'Like doomsday': Pakistan air strike kills at least 400 in Kabul drug rehab centre, Taliban says

2 hours ago 4

Ahmad, 50, watched flames engulf his friends at a drug rehabilitation centre in Kabul where he was undergoing treatment, unable to save them as they cried for help after a Pakistani air strike, leaving a scene he said ​resembled "doomsday".

The Afghan ‌Taliban government says at least 400 people were killed and 250 injured in ⁠the Monday night attack. Islamabad denied having targeted any such facility, saying it had struck military installations and "terrorist support infrastructure".

Ahmad, who also volunteered as a guard at the hospital and gave only one name, said he and his 25 roommates had gathered in their dormitory after prayers when ​the attack occurred. He was the only survivor among them.

"The whole place caught fire. ‌It was like doomsday," he said.

Health authorities said there were around 3,000 patients from across Afghanistan at the clinic at the time of the strikes, which triggered panic in Kabul, just after residents had broken their daily Ramadan fast.

People stand next to a drug users rehabilitation hospital destroyed in what the Taliban said was a Pakistani air strike, in Kabul, Afghanistan.
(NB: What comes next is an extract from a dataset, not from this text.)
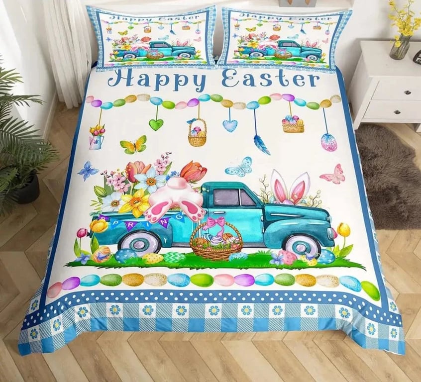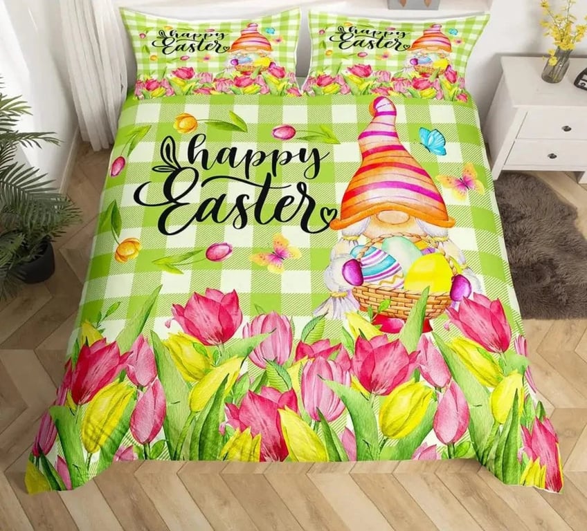 Cheerful Easter bedding.
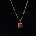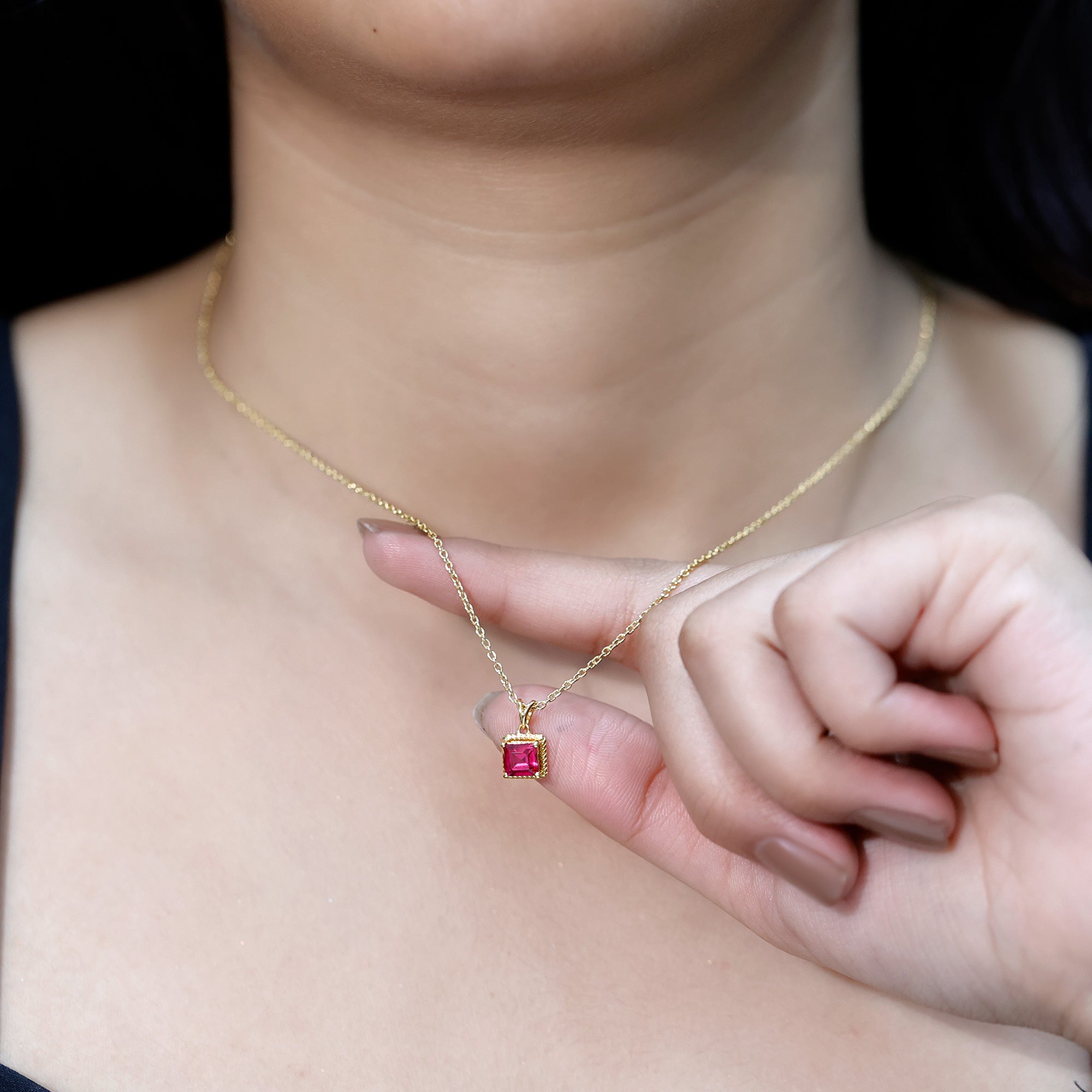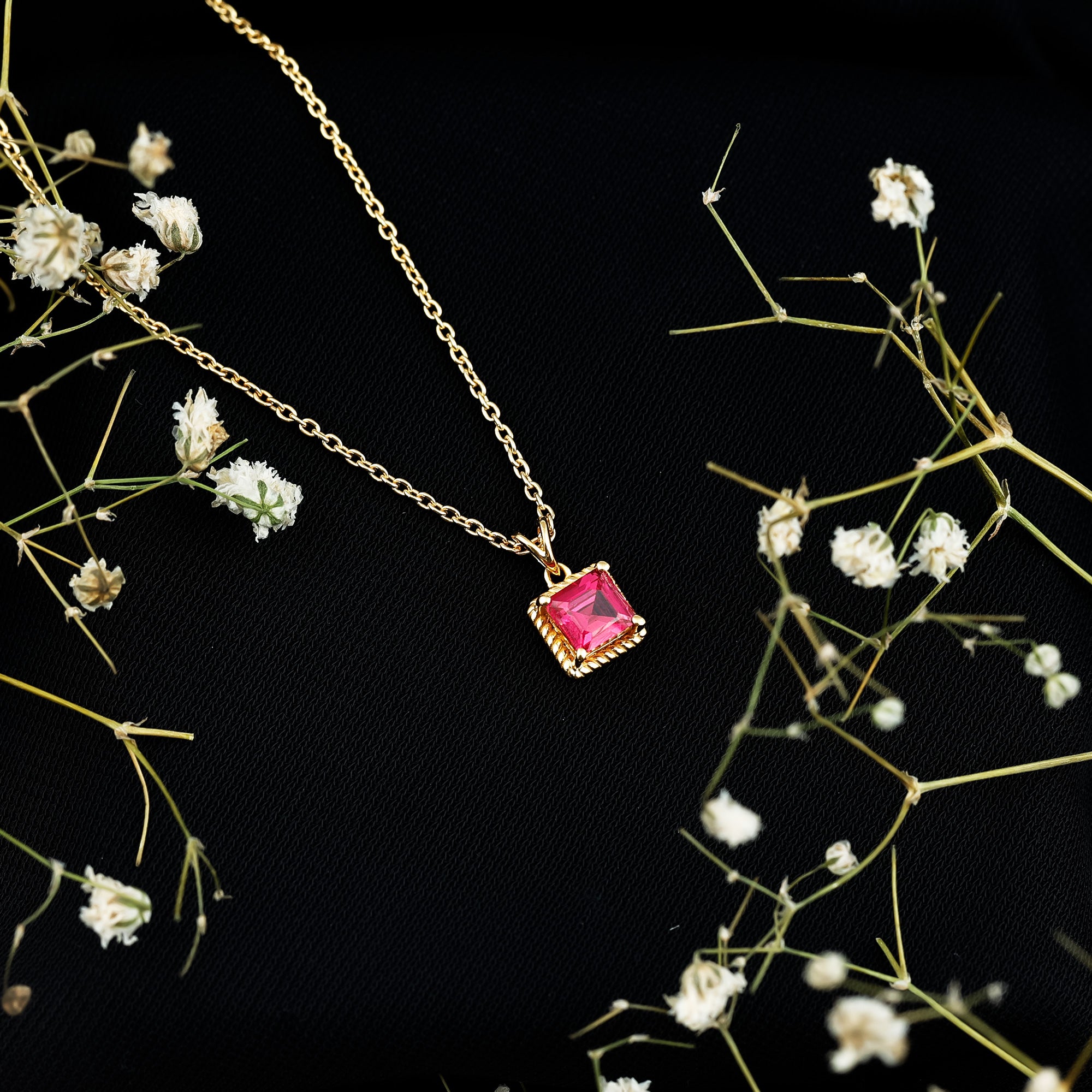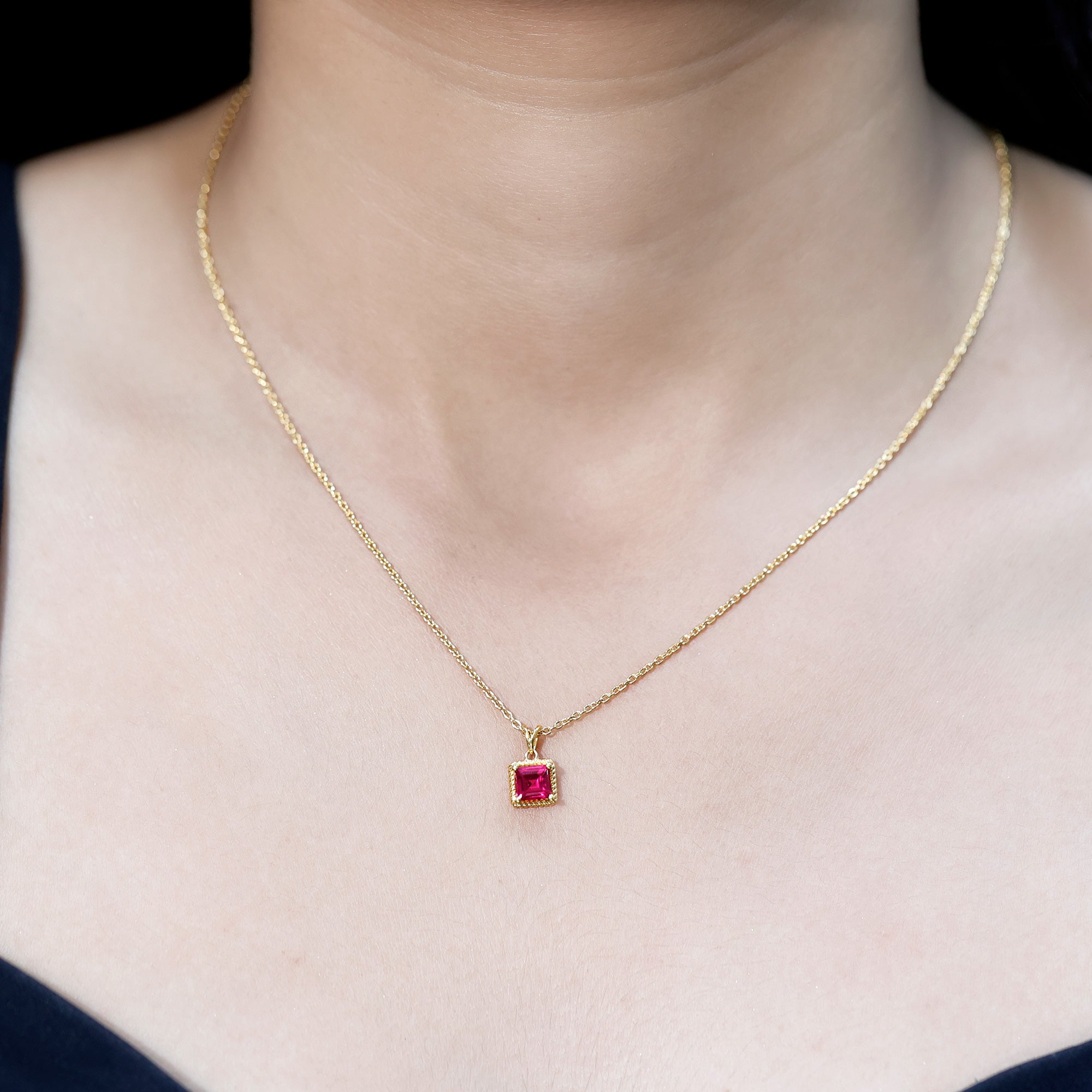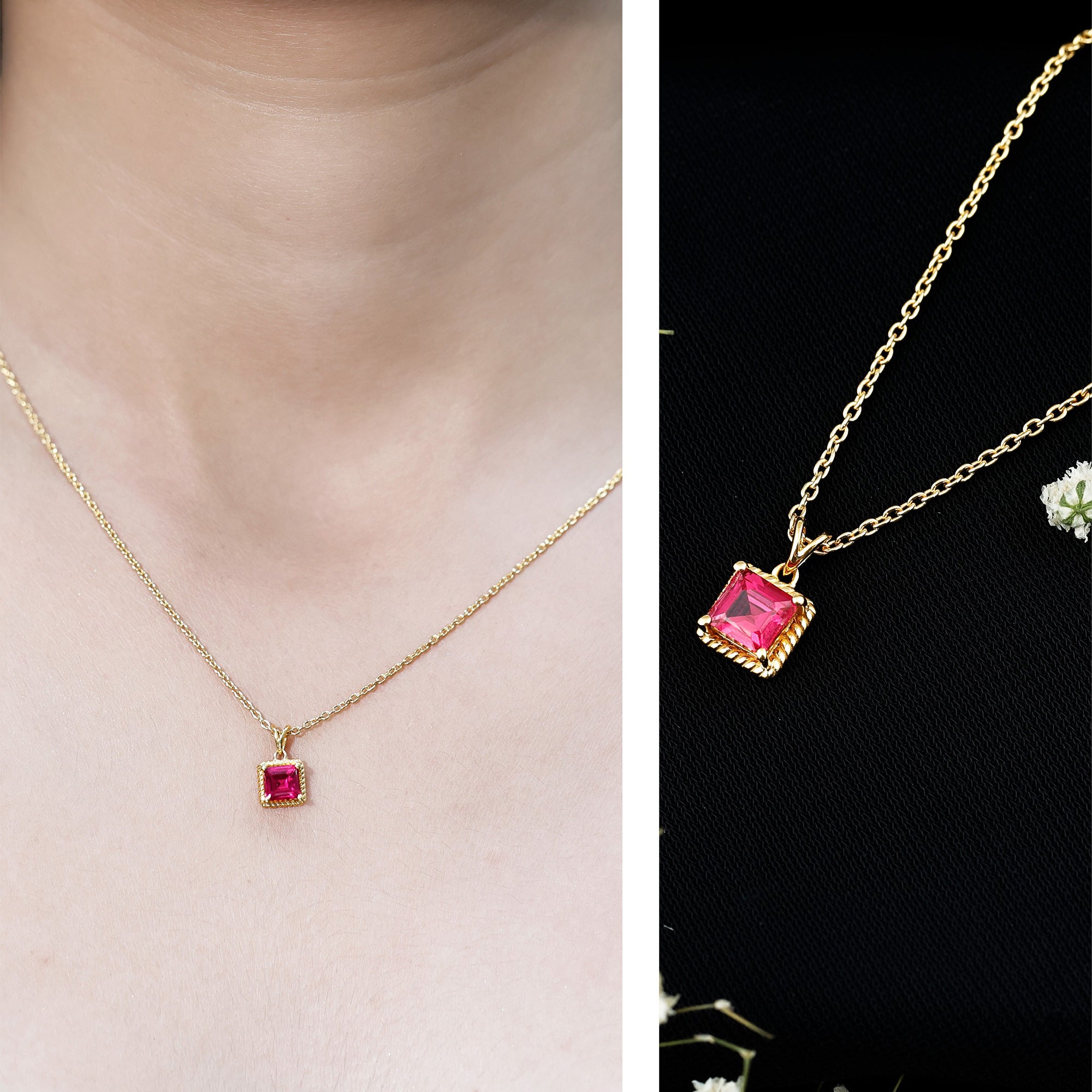 Make a statement that lasts forever with this stunning Princess Cut Ruby Necklace, a timeless piece designed to turn heads. Crafted in 14k yellow gold plated silver, this Solitaire Necklace centers around a vivid 5 MM princess cut lab created ruby, expertly set in secure prong setting. The romantic red of the ruby is beautifully framed by a twisted rope border, adding a touch of texture and vintage charm to the sleek, modern cut of the stone. Suspended from a polished cable chain, the Ruby Pendant Necklace is finished with a graceful rabbit ear bail that enhances the overall elegance and gives it a distinctive silhouette. The lobster clasp ensures a secure fit and easy adjustment for your ideal length, whether you wear it solo or layered with other favorites. This AAAA quality lab created ruby offers exceptional clarity and color, delivering the same beauty and brilliance as a natural gemstone, but with a sustainable and ethical origin. Perfect for both special occasions and everyday wear, this Red Ruby Necklace brings just the right amount of color and sophistication to any outfit. Elegant, fiery, and unforgettable, this Sterling Silver Ruby Necklace is a piece you will treasure forever.

People stand next to a drug users rehabilitation hospital destroyed in what the Taliban said was a Pakistani air strike, in Kabul, Afghanistan, March 17, 2026. © Sayed Hassib, Reuters

People ran for cover as anti-aircraft guns fired from 9pm (1630 GMT).

"I heard the sound of the jet patrolling," Omid Stanikzai, 31, a security guard at the drug treatment centre, told AFP.

"There were military units all around us. When these military units fired on the jet, the jet dropped bombs and a fire broke out."

Mohammad Mian, who works in the radiology department of the hospital, said many young people under treatment lived in large containers on the campus and very few survived the strike.

Read morePakistan air strikes hit Kabul and Afghan border provinces, killing several

"It was extremely terrifying," he ‌said. "Those who survived were the ones whose rooms were not destroyed and were fortunate. But the places where the bombs were dropped, everyone there was killed."

Blackened walls, bodies beneath the rubble

Afghanistan's vast poppy fields have long made it a major producer of opium, and millions of Afghans have struggled with addiction over decades of war and economic hardship.

The Taliban government banned all narcotics in 2023, including opium poppy cultivation, leading to an estimated 95 percent drop in opium production. Under the Taliban's crackdown, thousands of people struggling with drug addiction have been sent to the country's underfunded and overcrowded treatment centres.

When Reuters visited the site on Tuesday, the blackened walls on a single-storey building served as evidence of the fires that had raged inside only hours ago.

In other places, structures ​were reduced to piles of brick, metal and wood, with personal belongings of patients, including pillows, shoes, and ​items of clothing, left scattered among the debris.

A man walks through debris lying in a ward of a drug users rehabilitation hospital. A man walks through debris lying in a ward of a drug users rehabilitation hospital destroyed in what the Taliban said was a Pakistani air strike in Kabul, Afghanistan, March 17, 2026. © Yunus Yawar, Reuters

In Ahmad's dormitory, some bunk ​beds still stood intact against a wall, their bedding undisturbed as the room, with the ceiling thrown off, lay open to the blue sky.

Crowds gathered outside the centre in the hope of hearing news of their loved ones.

AFP reporters counted at least 30 bodies being removed from the rubble of the facility and saw medics treating dozens of wounded in the chaotic and smouldering aftermath of the attack.

Baryalai Amiri, a 38-year-old mechanic, came to the site where his brother was admitted about 25 days ago.

"We are not given the proper information," he told AFP, as rescuers picked through the rubble nearby. "So far, we don't know where he is."

Dr Ahmad Wali ​Yousafzai, a health officer at the hospital, recalled three explosions whose blasts he said hurled some of his colleagues from one wall to another.

As fires erupted, there were screams and cries for help "from all directions", he said.

"We were too few in number ⁠to save all of them," he added.

A man sits beside the site of a late-Monday air strike at a drug rehabilitation hospital in Kabul, Afghanistan. A man sits beside the site of a late-Monday air strike at a drug rehabilitation hospital in Kabul, Afghanistan, Tuesday, March 17, 2026. © Siddiqullah Alizai, AP

Ambulance driver Haji Fahim was among those who transported bodies to the Afghan-Japan hospital close ⁠by, moving at ​least eight bodies over five hours.

"Now we have come again ... there are still bodies under the rubble," he said on Tuesday.